## Exercise
After locating the line that contains "Young Riehum, a", transcribe exactly that line and each one after it until the data ends, skipping pictures.

Records contained in a dataset
........

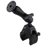 The RAP-401-202U consists of the large Tough-Claw base, double socket arm and round base adapter. The RAM Tough-Claw: is the perfect mounting base for quick and easy tool-less installation and removal on round, square, odd shaped rails and bars. The Tough-Claw can be clamped on rails from 1" - 2.25" outer diameter. The round base adapter contains the industry standard universal AMPS hole pattern, which will connect to a large variety of RAM Mount and third party cradles. The mount is designed with a RAM 1.5" diameter patented rubber ball and socket system that has adjustment points at both ends of the double socket arm; this allowing for almost infinite adjustment and perfect viewing angles.
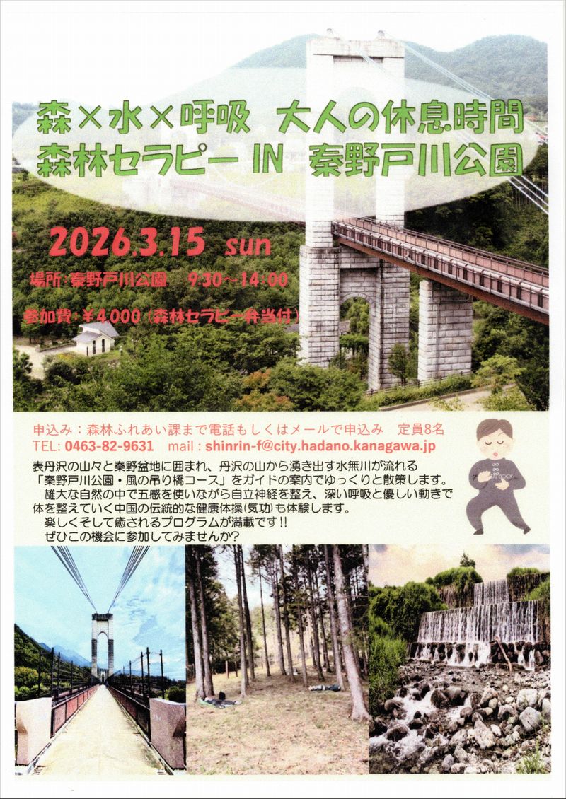 3/15(日)開催!森林セラピー『秦野戸川公園・風の吊り橋コース』早春の森に包まれる森林セラピーウォーク!~参加者募集!
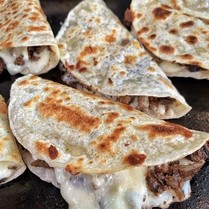 3 quesadillas de tortilla de harina con queso asado, queso oaxaca y salsa
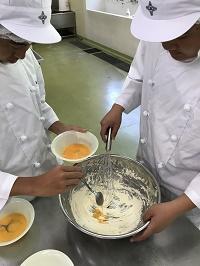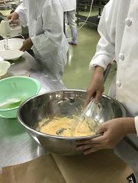 農業科1年生の「食品製造」の授業で小麦粉の加工、卵の気泡性について学習しています。9月9日の実習は『シフォンケーキ』でした。
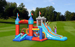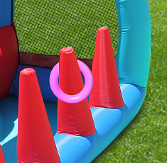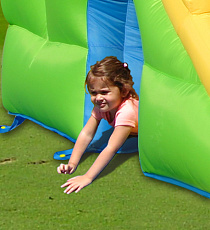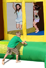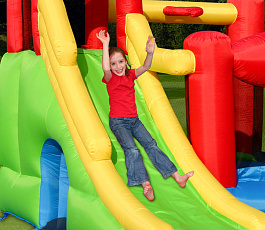 - Надежность. Надувные батуты абсолютно безопасны для детей. Мягкие и высокие бортики, а также большие сетки защищают от риска получения травм или выпадения из игровой зоны.
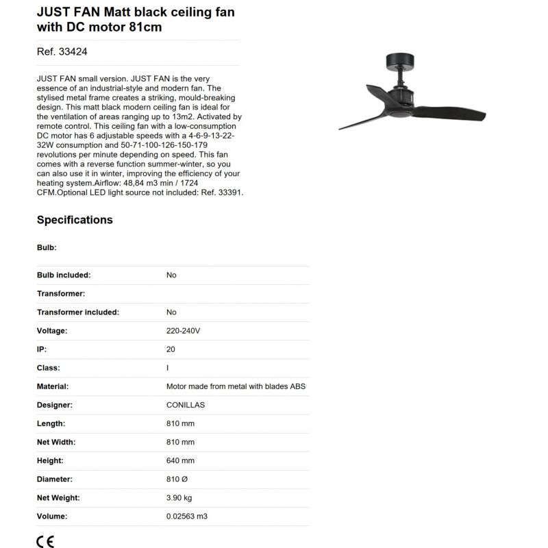 Descriere | motor din metal finisaj negru mat, lame din policarbonat nuanta negru mat, (optional kit iluminat LED ref. 33391 exclus din pret) |
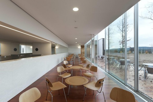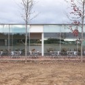 The building is implanted south of old fair grounds and has two entrances, public (east) and services (west), set by the mismatch of the walls. There is also a direct entrance to the cafeteria (west), through a large glass door, allowing an independent program.
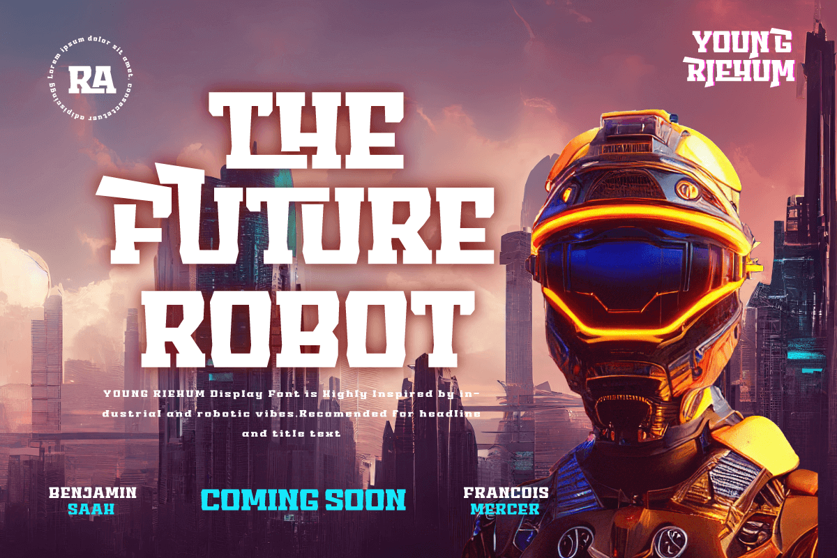 Young Riehum, a superhero-style display font that will bring strength and tension to your projects. If you’re looking for a strong, bold, and bold font, Young Riehum is the perfect choice for creating an electrifying look in the worlds of film, gaming, and design. With a striking presence, Young Riehum grabs attention instantly and delivers an unforgettable message to your audience. Each letter exudes electrifying energy, giving your projects a new dimension and creating an extraordinary experience.
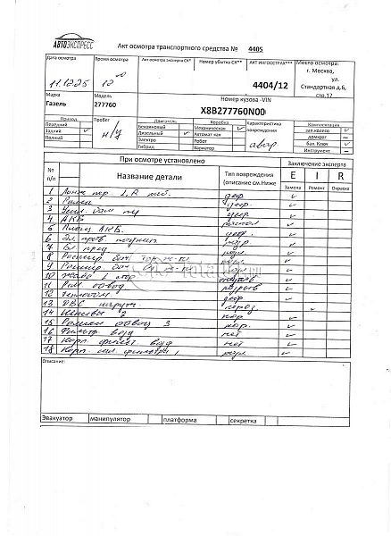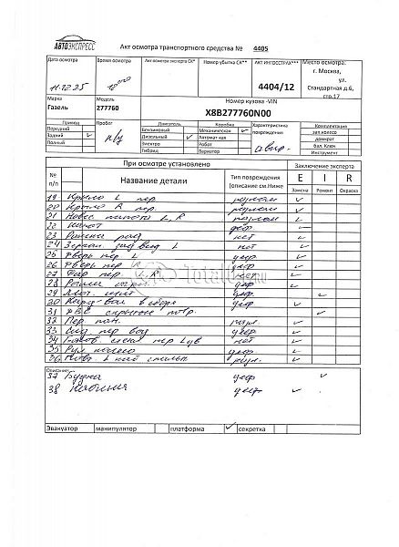 Газель 277760. ПТС: Не передан (выдана справка). Вин номер предоставляется по запросу,направленному на адрес man4@total01.ru. Стоянка: ул.Стандартная, д.6, стр.17. Счет выставляется автомагазином ООО «Блицкар». (Сумма НДС будет указана в счет фактуре). Авто после ДТП, возможны скрытые повреждения. Гарантии юридической чистоты. Запчасти с авто отдельно не продаются. Цены по телефону не обсуждаются. ДКП и ПТС(если не изъят в ГИБДД) находятся в Москве. Возможности отправки документов нет. Для получения ДКП и ПТС(если не изъят в ГИБДД) потребуется ваше личное присутствие или нотариальная доверенность на вашего представителя. Передний удар; правый бок4 левый бок; возможны скрытые повреждения. Ранее автомобиль находился в собственности юр.лица. Количество владельцев: н/у. Пробег н/у.

........

## Answer section
 Young Riehum, a superhero-style display font that will bring strength and tension to your projects. If you’re looking for a strong, bold, and bold font, Young Riehum is the perfect choice for creating an electrifying look in the worlds of film, gaming, and design. With a striking presence, Young Riehum grabs attention instantly and delivers an unforgettable message to your audience. Each letter exudes electrifying energy, giving your projects a new dimension and creating an extraordinary experience.
 Газель 277760. ПТС: Не передан (выдана справка). Вин номер предоставляется по запросу,направленному на адрес man4@total01.ru. Стоянка: ул.Стандартная, д.6, стр.17. Счет выставляется автомагазином ООО «Блицкар». (Сумма НДС будет указана в счет фактуре). Авто после ДТП, возможны скрытые повреждения. Гарантии юридической чистоты. Запчасти с авто отдельно не продаются. Цены по телефону не обсуждаются. ДКП и ПТС(если не изъят в ГИБДД) находятся в Москве. Возможности отправки документов нет. Для получения ДКП и ПТС(если не изъят в ГИБДД) потребуется ваше личное присутствие или нотариальная доверенность на вашего представителя. Передний удар; правый бок4 левый бок; возможны скрытые повреждения. Ранее автомобиль находился в собственности юр.лица. Количество владельцев: н/у. Пробег н/у.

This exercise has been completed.